Geldikçe üzerimize geldiler, tehlikeli olduk onlar için, tehdit arz eyledik onlara, varlığımızdan rahatsızlık duydular. Güçlü olmamız zorlarına gitti, kültürümüzü kıskandılar, topraklarımıza göz koydular, kadim geleneklerimize imrendiler.

Türk tarihinin sayfaları bu yüzendir ki göç ve soykırımla doludur. Sürgün yaramızın bir sayfasının ismi de Bulgaristan’dır.

Önce Rusya’nın girişimiyle bir Bulgar- Slav devleti kurmak için 1877- 1878 yılında çıkarılan Osmanlı–Rus Harbi sırasında ve sonrasında 1878- 1912 yıllarında Bulgaristan’dan 350 bin Türk sürgün edildi. Savaş sonrası 1885 ve 1923 yılları arasında yaklaşık 500 bin Türk göçe zorlandı. Bu sayılar daha sonraları artmaya devam etti. 2. Dünya Savaşı’na kadar Türklerin göç etmesi için elinden gelen her şeyi yapan Bulgaristan bu tarihlerde nüfusunun azalması tedirginliğini yaşayarak, iş gücünü kaybetmemek amacıyla Türkiye’ye göç etmek isteyenlere engel olmaya çabaladı.

1933’te Bulgaristan’daki Razgrard şehrinde yüzlerce yıllık Türk mezarlığı Bulgarlar tarafından yerle bir edilir. Bu mezalime karşı Türk gençleri İstanbul’daki Bulgaristan Konsolosluğuna yürürler ve protesto mitingi gerçekleştirirler. Protestonun ardından Bulgaristan mezarlığına ilerlenir ve mezarlığa gelindiğinde beklenen olay yaşanmaz. Türk gençleri mezarların üstüne güller ve çelenkler bırakarak; ‘’Biz ölülere hakaret değil, hürmet ederiz’’ derler ve Türkler dünyaya bir kez daha insanlık ve asalet dersi vermiş olur.

1950’li yıllarda Bulgar hükümeti Türkiye’ye nota verdi. 250 bin Türk’ün üç ay içerisinde Türkiye’ye yerleştirilmesini talep etti. Türkiye’yi Bulgar düşmanlığıyla itham eden Bulgaristan, bu propagandanın topraklarında yaşayan Türkleri olumsuz etkilediğini ve tarım çalışmalarına da yansıdığını bahane etti. Yine olan Bulgaristan Türklerine oldu. 1951 yılında 100 bin Türk daha göç etti. Türkiye bu göçten sonra sınırını kapatmaya mecbur kaldı. Sebep ise Bulgaristan’ın, Türk göçmenlerin arasına Çingeneleri sokmaya çalışmasıydı. Fakat bu uzun süre olmadı, sınıra yığılan göçmenleri daha da eziyet görmesin diye Türkiye, sınırlarını tekrar açtı.

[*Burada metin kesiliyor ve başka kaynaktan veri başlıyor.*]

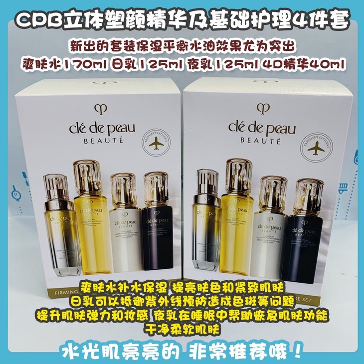 CPB立体塑颜精华及基础护理4件套👍新出的套装保湿平衡水油💦效果尤为突出👏。☑️爽肤水补水保湿,提亮肤色和紧致肌肤。☑️日乳可以抵御紫外线预防造成色斑等问题,提升肌肤弹力和妆感。☑️夜乳在睡眠中帮助恢复肌肤功能,干净柔软肌肤。☑️4D精华促进胶原蛋白活力、再生。令粗糙干燥松弛的肌肤充满生机,恢复丰润Q弹。完全没有夸大其词,用了你真的会发现第二天皮肤很有光泽感✨✨,水光肌亮亮的,非常推荐哦!套装包括:爽肤水170ml➕日乳125ml➕夜乳125ml➕4D精华40ml。

O dönemlerde LIFE dergisinin fotoğrafçısı Jack Birns, Edirne Tren Garı’nda bir grup kadının fotoğrafını çekti. Hepsinin üzerinde kürk olan kadın kafilesi zengin görünüm verseler de altında bir çaresizliğin hikâyesi yatıyordu. Edirne Tren Garı’nda üzerinde kürk olan kadınlarımızın asil duruşu, Bulgarlara bir meydan okumadır. Türklere göç zamanı üzerlerinde elbise dışında hiçbir şekilde para ve eşyanın götürülmesine izin vermeyeceklerini bildiren Bulgar rejiminin bu tutumuna karşı Türk kadını çareyi kürkte buldu. Mülklerini, eşyalarını satarak kürk alan kadınlar üzerinde kürklerle Türkiye’ye geldiler ve bu kürkleri satarak hayatta kalmaya çalıştılar…

Yıl 1989. Bulgar baskısı, tahmin edilemeyecek, tahayyül hiç edilemeyecek bir düzeye ulaşır. Türkler için adeta yasaklar ülkesi haline gelmiştir Bulgaristan.

Camiler kapalı, ibadetlere izin verilmiyor, dini ve milli gelenekler yasaklanmış, Türkçe mezar taşları parçalanmış, sünnet edilen çocukların büyükleri hapse çarptırılıyordu. Bulgarca bilmemesine rağmen Türkçe konuşanlara para cezası yağıyordu. Jivkov’un bu yöntemi ne yazık ki ne ilk ne de sondu. Tarihe ve bugünümüze baktığımızda benzerlerini kolaylıkla görmekteyiz. Zulüm her geçen gün arttı Bulgaristan’da. 1980-84 yılları arasında 900’e yakın Türk şehit edildi.

30 Mayıs 1989 yılında Bulgarların “büyük gezi” diye isimlendirdikleri Türklerin zorunlu göçü tekrar başlatılmıştı. 3 Haziran-21 Ağustos 1989 tarihleri arasında resmi olmayan verilere göre 360 bin Bulgaristan Türkü, Türkiye’ye göç etti. Ana vatana gelen Türkler trenlerden indiğinde ilk işleri toprağı öpmek oldu...

30 Ağustos 1989. Bulgaristan’dan gelen sanatçılar Bakü’de konser veriyorlar. Elçibey ve arkadaşları Bulgaristan’da Türklere yaşatılan zulmü protesto etmek için konseri boykot etme kararını veriyor. Arkadaşlarıyla konser alanına gelen Elçibey tarafından Bulgaristan’da Türklere yapılanlara karşı boykot mitingi gerçekleştiriliyor. 

*Pankartta “Türklere karşı yapılan sürgünün durdurulmasını talep ediyoruz” yazıyor.